Racial Silences and Twentieth-Century Transitions: Mexico, Brazil, Bolivia, the Caribbean, and the International Remaking of Race

AHA Session 46
Conference on Latin American History 13
Friday, January 7, 2011: 9:30 AM-11:30 AM
Clarendon Room (Marriott Boston Copley Place)
Brodwyn Fischer, Northwestern University
The Audience

Session Abstract

The claim that ancestry or biology dictated collective destiny was a mainstay of public debate in the Americas as elsewhere at the start of the twentieth century.

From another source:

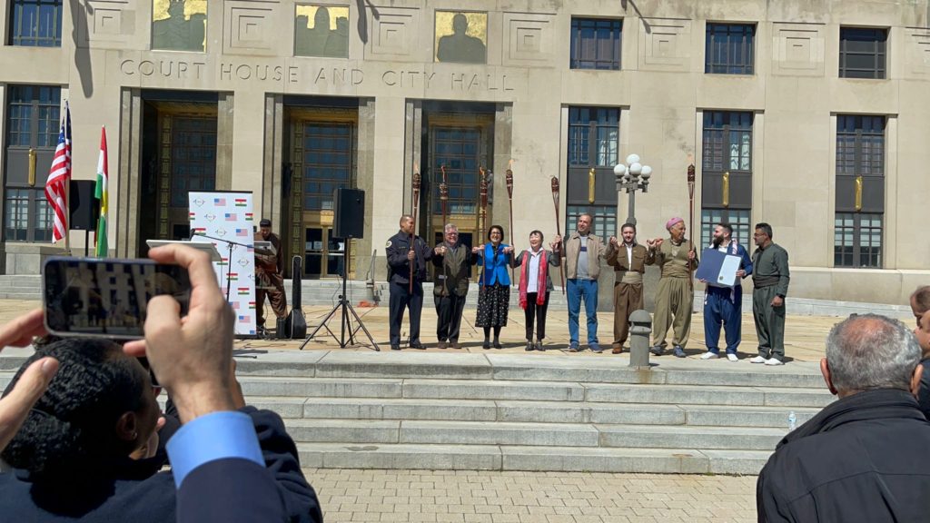 رۆژی دووشەممە، رێککەوتی 20ی ئازاری2023، مستەر کورد نوێنەری کۆنفدراسیۆنی رەوەندی کوردستانی لە ئەمەریکا و کەنەدا، لەگەڵ شارەداری ناشڤیل و بەرپرسانی دیکەی حکومەت گفتوگۆی کرد و، دەستخۆشی لە بە فەرمیی ناساندنی جەژنی نەورۆزی ئاڕاستە کردن و، پێشی راگەیاندن، کە کوردستانیان پێزانینی زۆریان بۆ ئەو هەنگاوە هەیە.
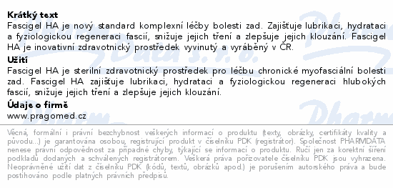 Fascigel HA je nový standard komplexní léčby bolesti zad. Zajišťuje lubrikaci, hydrataci a fyziologickou regeneraci fascií, snižuje jejich tření a zlepšuje jejich klouzání. Fascigel HA je inovativní zdravotnický prostředek vyvinutý a vyráběný v ČR.Použití

By mid-century, however, public affirmation of racial determinism was rare.  This panel explores how and why this happened, posing the following questions: Did racialized concepts and perceptions also shift, transform, or even disappear in this era?  Did presumptions about the boundaries and implications of group belonging change as fast as norms for polite (or politic) debate?  Was racial silence always the product of racial silencing—aimed at masking the persistence of hierarchy or exclusions?  Or was it sometimes part of an anti-racist strategy—aimed at undermining barriers, that is, rather than shielding them? This panel examines case studies ranging from the consolidation of Mexican indigenismo to urban housing polices in Brazil to anti-semitism in Bolivia to debates over who and how to rule a post-colonial Caribbean, to suggest that race in the 1940s, 50s, and 60s echoed loudly even when silent.